"One word of truth shall outweigh the whole world."
Aleksandr Solzhenitsyn, a giant in the defense of freedom in the 20th Century, has died. Many, if not most will remember him for his authorship of the troika of books known as the Gulag Archipelago. When Maximus and I were students at Servite High School in the 1980’s, it was required reading. I hope it still is.
Less well known is Solzhenitsyn’s address to Harvard University in 1978. I believe it will go down in history as one of the most prescient speeches ever given. In league with Pericles "Funeral Oration," Cicero’s "Fourth Philippic," Zola’s "Appeal for Dreyfus," Theodore Roosevelt on "The Strenuous Life," or his cousin FDR’s "Arsenal of Democracy" speech.
His moniker of "Oracle of the Twentieth Century" was well-earned.
The full text of his Harvard address can be found here:
Some salient quotes of his critique of the West:
"In today's Western society, the inequality has been revealed of freedom for good deeds and freedom for evil deeds."

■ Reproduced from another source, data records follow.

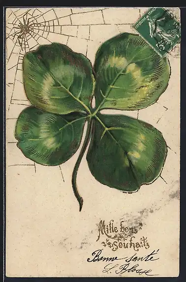 Präge-AK Spinne mit einem geprägten Kleeblatt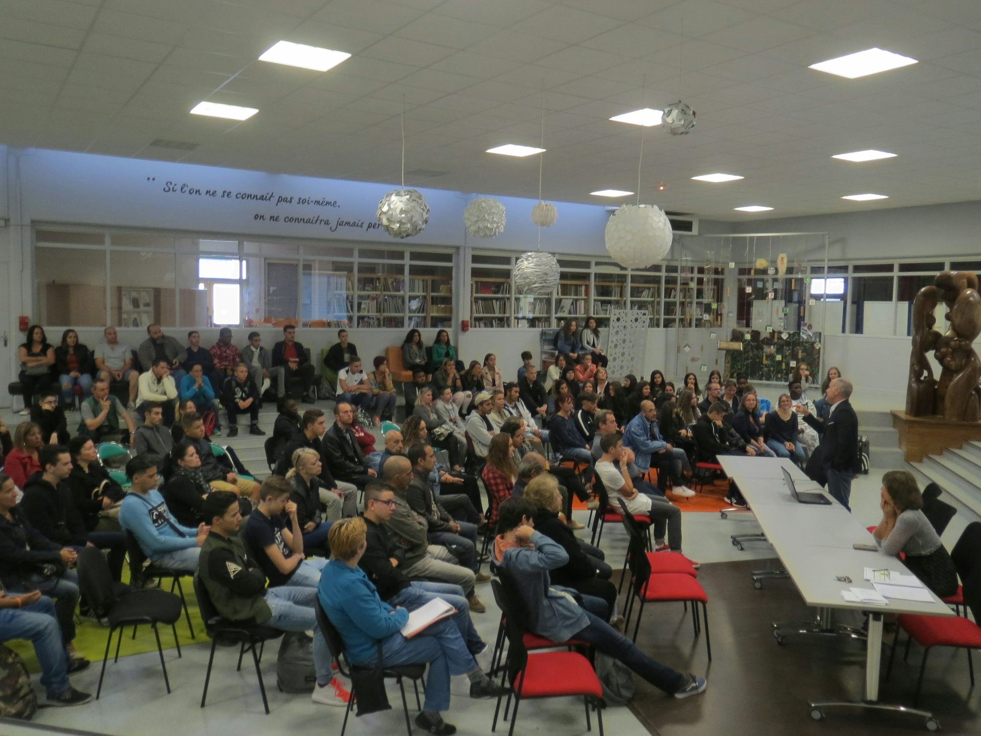 Les élèves qui arrivent au lycée sont en grande partie dans des situations scolaires particulières, non titulaires du Diplôme national du brevet (DNB) à 50 %, avec des pointes à 70 % sur certaines sections de CAP.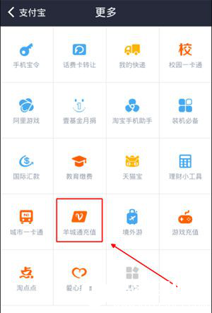 2、进入更多页面之后,点击【 羊城通充值 】应用图标。

"Destructive and irresponsible freedom has been granted boundless space. Society appears to have little defense against the abyss of human decadence, such as, for example, misuse of liberty for moral violence against young people, motion pictures full of pornography, crime and horror. It is considered to be part of freedom and theoretically counter-balanced by the young people's right not to look or not to accept. Life organized legalistically has thus shown its inability to defend itself against the corrosion of evil."
"This means that the mistake must be at the root, at the very basis of human thinking in the past centuries. I refer to the prevailing Western view of the world which was first born during the Renaissance and found its political expression from the period of the Enlightenment. It became the basis for government and social science and could be defined as rationalistic humanism or humanistic autonomy: the proclaimed and enforced autonomy of man from any higher force above him. It could also be called anthropocentricity, with man seen as the center of everything that exists."

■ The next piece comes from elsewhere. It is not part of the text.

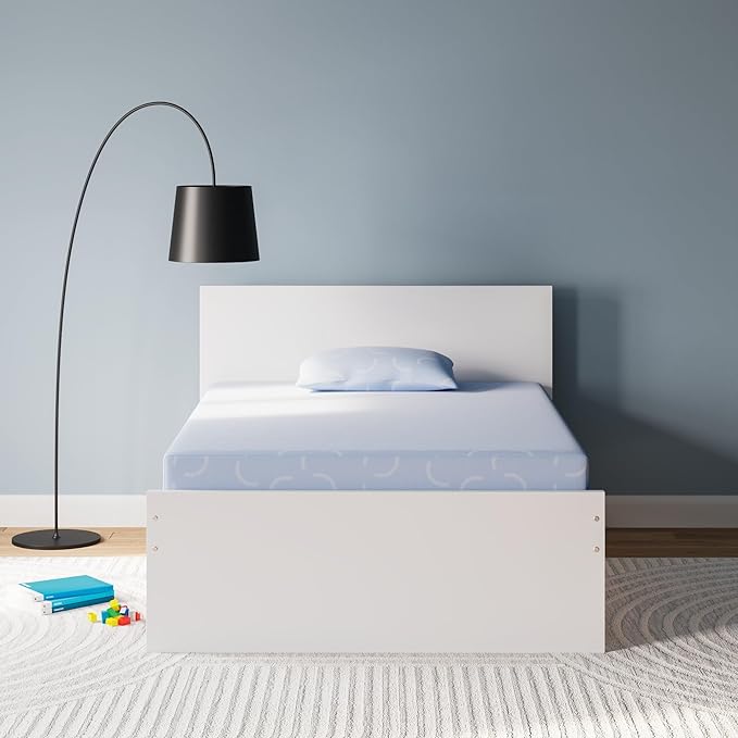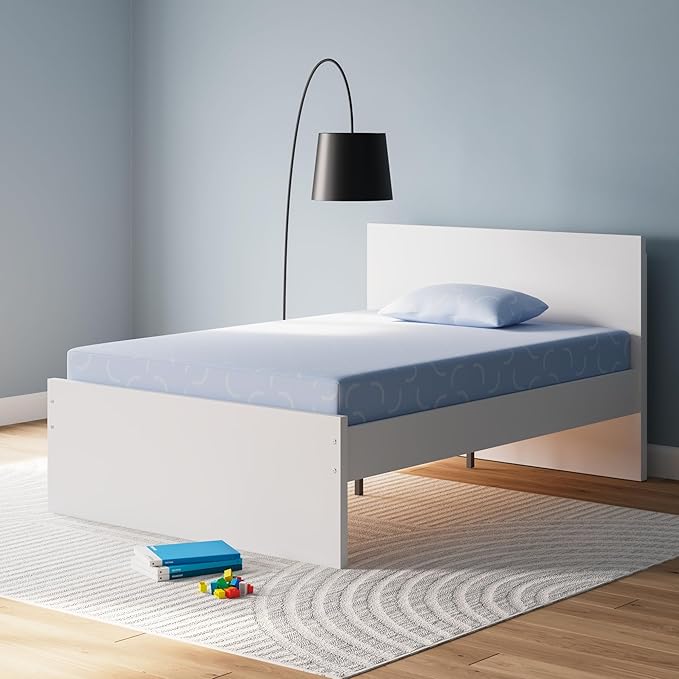 Signature Design by Ashley Full Size iKidz 7 Inch Firm Gel Memory Foam Mattress with Stretch Knit Cover & Pillow Included, Blue Ocean, Fiberglass Free, Mattress in A Box

I always have looked at Solzhenitsyn and Pope John Paul II as bearing essentially the same message, one in the political sphere, the other in the religious. While both were devoted to the cause of the defeat of Soviet Communism, they were also attune to the inherent dangers of the libertine society the West has become.
I think Solzhenitsyn, the "Gipper," and JPII are the triumvirate that brought down the Bolsheviks.